Yeah, yeah, yeah… it’s been a while. Now that I’m trying to get back on track with the blog, I really wanted to share a kickass Guy’s Story. And so I asked my good friend Jack from Brooklyn to help me out. I hope you enjoy it as much as I did.
“If I tell you” she replied “it won’t come true.”
“You’re thinking of birthday candles” I said. “The Cube doesn’t work that way. This is the City of Dreams; how can it grant your heart’s desires unless you make them known?”
Eyes closed, lips parted, she leaned in close enough for me to taste the sweetness of her breath, and paused. “I wished for a kiss” she whispered. “Just one kiss. From you.”
The Djinn of the Cube had spoken; it was no longer my place to deny her orison. In my capacity as a duly deputized agent of Wish Fulfillment, I ran my fingers through the onyx strands that flowed like the Jordan from her crown and met her open mouth with mine. She was delicious.
At first glance nobody believes the Cube at Astor Place spins. Set in the shadow of Cooper Union, it’s precariously perched on a single corner, as if God herself had dropped a building block from heaven and the impact embedded it into the concrete. Designed to swivel on its vertical axis, this iconic sculpture had been a cultural landmark for decades before I discovered it in the early 1980s. The unofficial gateway to the City that Never Sleeps, the Cube has granted generations of hippies, punks, goths, students, sk8ers, hipsters, drunks and homeless, sanctuary.
Sometimes the only way to experience the wonder of a place like New York City is to see it through the eyes of a neophyte. I didn’t get off from work until well after midnight, but it was Rachel’s first night in the Big Apple; how could we not go exploring? I hoisted her oversized luggage into the enormous trunk of my ’72 Buick, threw the top down and commenced an open-air impromptu tour of the only place I’ve ever called home.
It was a different time; in retrospect it was a time of (relative) innocence. The Twin Towers were still standing. 42nd St. was still “the deuce”. New York City was still seedy and edgy and dangerous; glorious in all of its unsanitary splendor. Somewhere between the Ballad of Betty and Veronica and The Emerald City, Rachel fell into my world with the force of a meteor. For (too brief) a time, she made everything and nothing matter.
It occurred to me as we drove through Times Square that New Yorkers really never “look up,” especially when they’re driving. The JumboTron was turning night into day and the streets churned with the nervous energy of its sleepless throngs. Rachel marveled at things I’d seen all my life and taken for granted; the way the asphalt glistened with the night’s dew, the steam that rose in pillars from manhole covers. She was so young and so beautiful; a million miles from home having the night of her life in a place she’d only seen in movies. If ever there was such a thing as magic, that night was it.
Magic: a belief lost to a modern age that made sense of things beyond explanation, an understanding that beneath the rational hid the sublime, waiting to be discovered by those whose eyes hadn’t been encrusted by life’s disappointments. Rachel helped me see things that were right in front of me, helped me believe in things (I thought) I’d lost. Sometimes the only way to love is like you’ve never loved before.
I hadn’t abandoned hope, hope had abandoned me. Like a cicada waking from its slumber, that night I believed that if properly appeased, powers beyond understanding could be invoked, supernatural forces could be conjured. So of course providence bade we find our way to that Nexus of Possibility, the silent Guardian of the unwritten history of our tomorrows: The Cube at Astor Place.
They say if you can make it here, you can make it anywhere.
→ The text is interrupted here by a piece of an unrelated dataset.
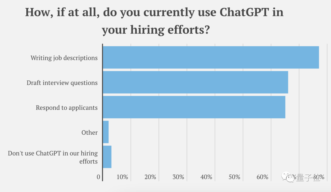 还没完呢——ChatGPT甚至还参与了招聘,比如撰写职位描述、回复求职者等等。结果,有77% 的人说这有助于他们撰写职位描述……(不知道HR是喜是忧)
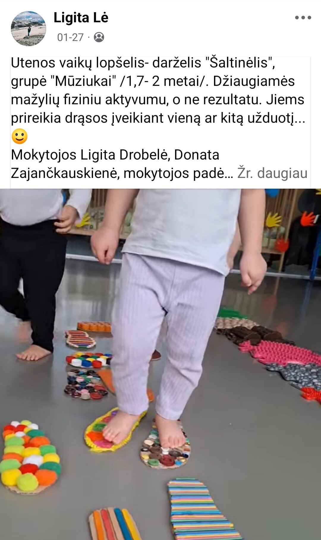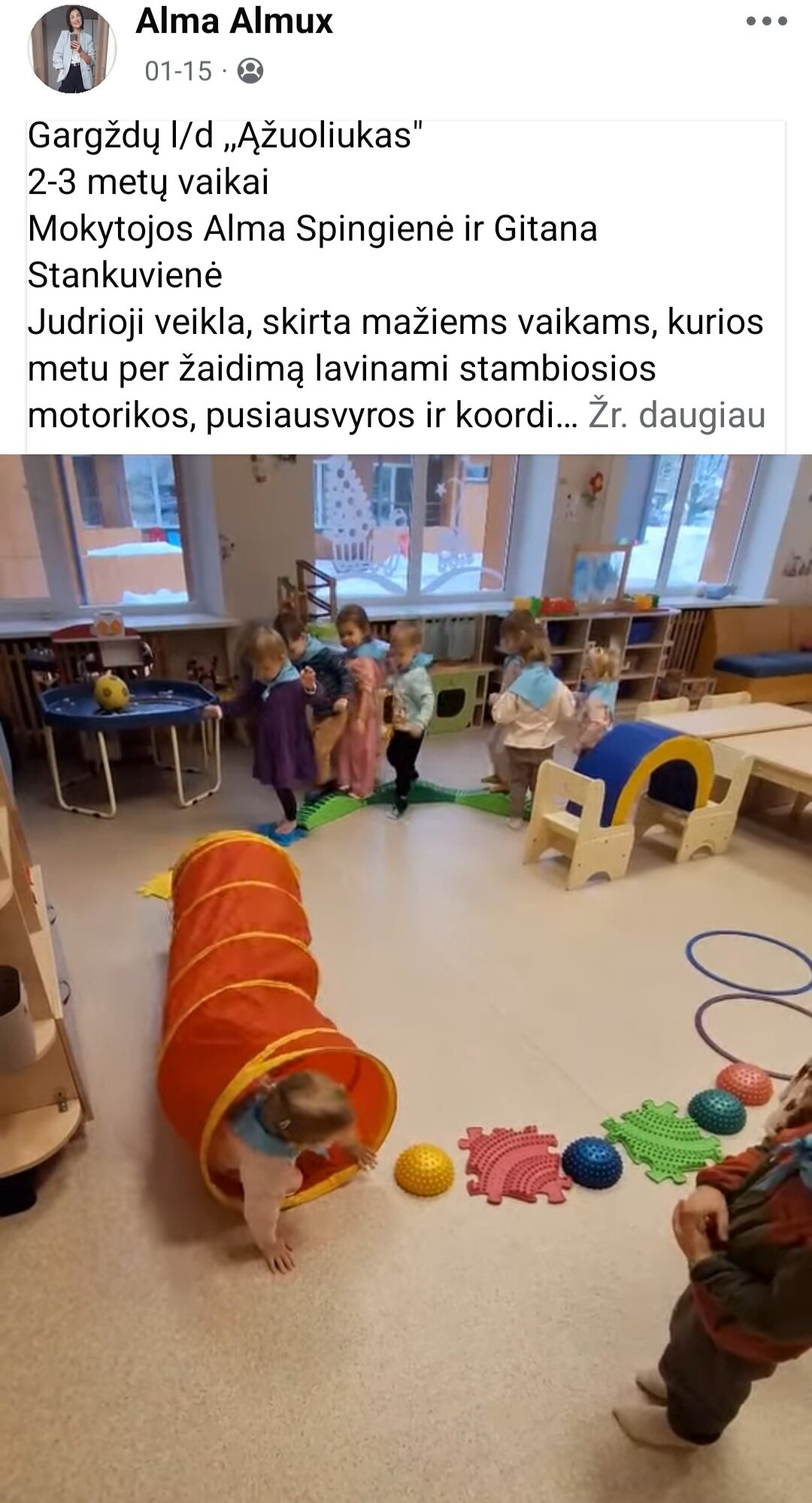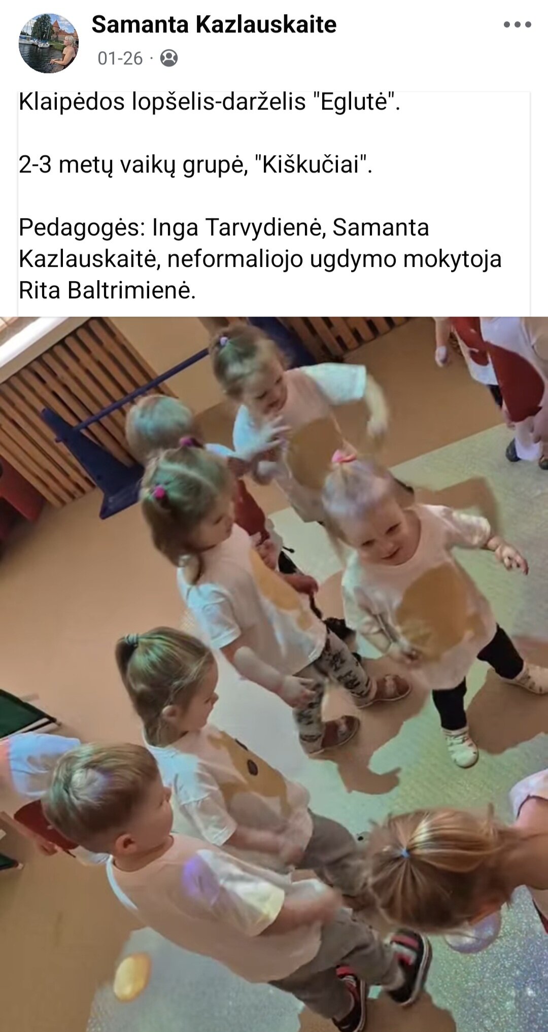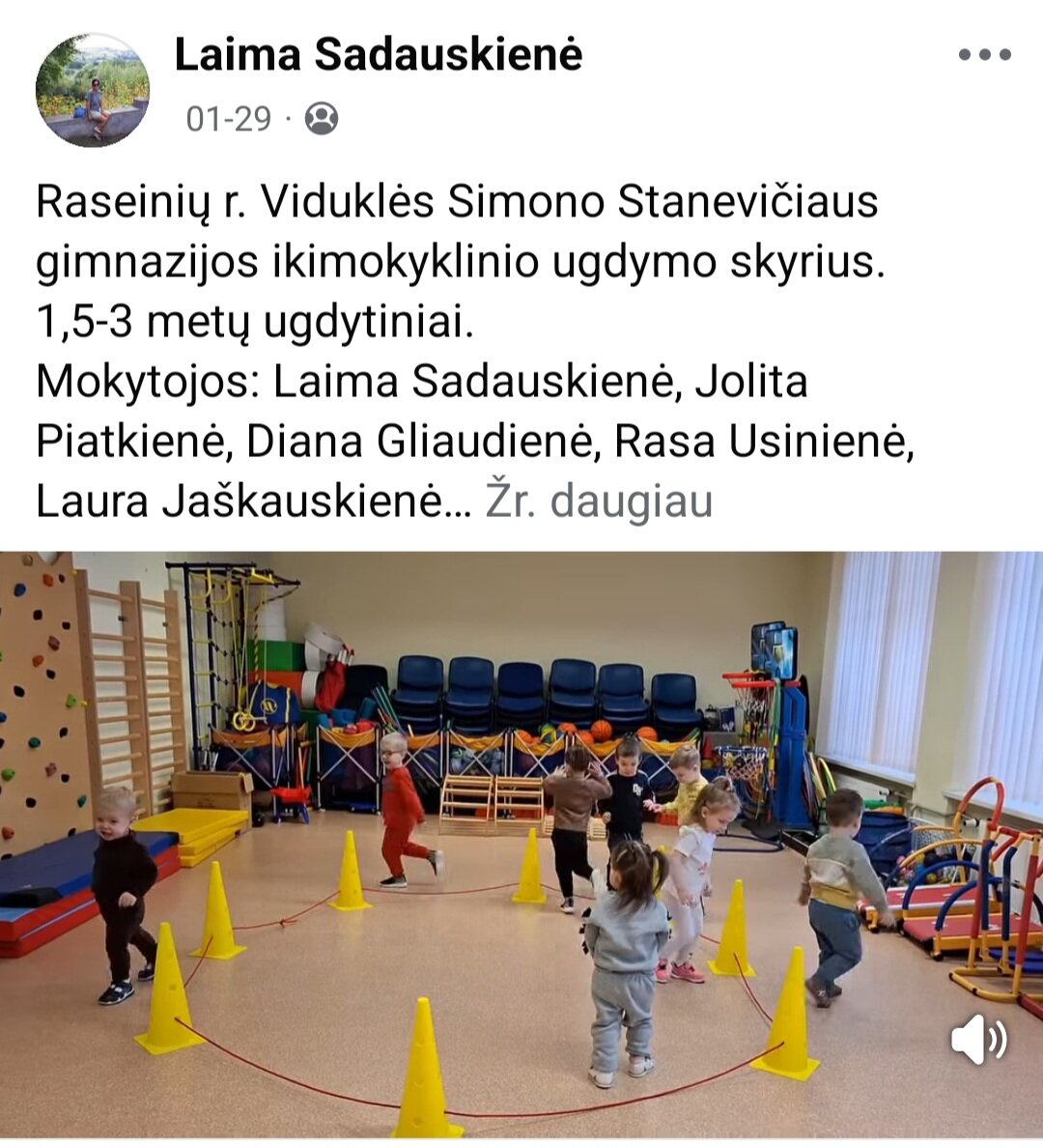 Sausio 12-30 d. judesio korekcijos specialistė, fizinio ugdymo mokytoja Lina Račė organizavo Respublikinį ankstyvojo amžiaus vaikų fizinį aktyvumą skatinantį projektą „Aktyvūs mažyliai 2026“. Projekto tikslas: pasidalinti ankstyvojo amžiaus vaikų fizinio aktyvumo skatinimo žaidimų, pratimų, veiklų idėjomis grupės, sporto salės, muzikos salės, lauko ar kitose erdvėse. Projektas sulaukė didžiulio šalies mokytojų susidomėjimo ir aktyvaus dalyvavimo. Į projektą įsitraukė daugiau nei 130 pedagogų iš visos Lietuvos ikimokyklinio ugdymo įstaigų. Gerąja darbo patirtimi ir kūrybinėmis ankstyvojo amžiaus fizinio aktyvumo veiklų idėjomis dalyviai dalinosi uždaroje Facebook grupėje „Aktyvūs mažyliai 2026“, kurioje patalpinta net 55 video įrašai. Projekto metu mokytojai ne tik dalinosi gerąja darbo patirtimi, bet ir praplėtė praktines žinias, įgavo naujos kūrybinės patirties, pasisėmė veiklos idėjų iš kitų kolegų.

If you can spin that damn Cube, you’ve earned the right to believe it.
It was almost 3 A.M. Saint Mark watched silently over his children as they stumbled drunkenly from one place to the next. “Spin the Cube” I said “and make a wish.” The incredulous look on her face told me she was convinced I’d set her to a feat suitable for Heracles himself. Why she even attempted the task I’ll never know for certain. Maybe she believed in magic. Maybe she believed in me.
I watched Rachel square her feet against the concrete and brace her tiny hands against the monolithic hexahedron with a kind of perverse glee. Of couse, it refused to budge; the stoppable force had met the immovable object. “This is impossible” she squealed. “You’re lying to me and having a laugh at my expense.”
“Impossible?” I yelled back. “You’re halfway across the world in a city bigger’n your entire country. You giving up already?”
I stopped laughing long enough to offer my assistance. I put my arms outside hers, my chest to her back, adding my muscle to her ninety-eight pounds of straining sephardic sinew and shvitz. Two tons of ebon steel began to creak. We dug in our feet and pushed harder, the sound of metal grinding against concrete loud enough to awaken the deity slumbering beneath. Momentum or the Djinn was on our side, it spun for a full rotation. We collapsed into each other, exhausted.
“This is New York mother-fucking City” I whispered in her ear between breaths. “It’s fueled by dreams. We only attempt the impossible here.”
The kiss had been mandated by The Universe. Everything that followed was pure indulgence.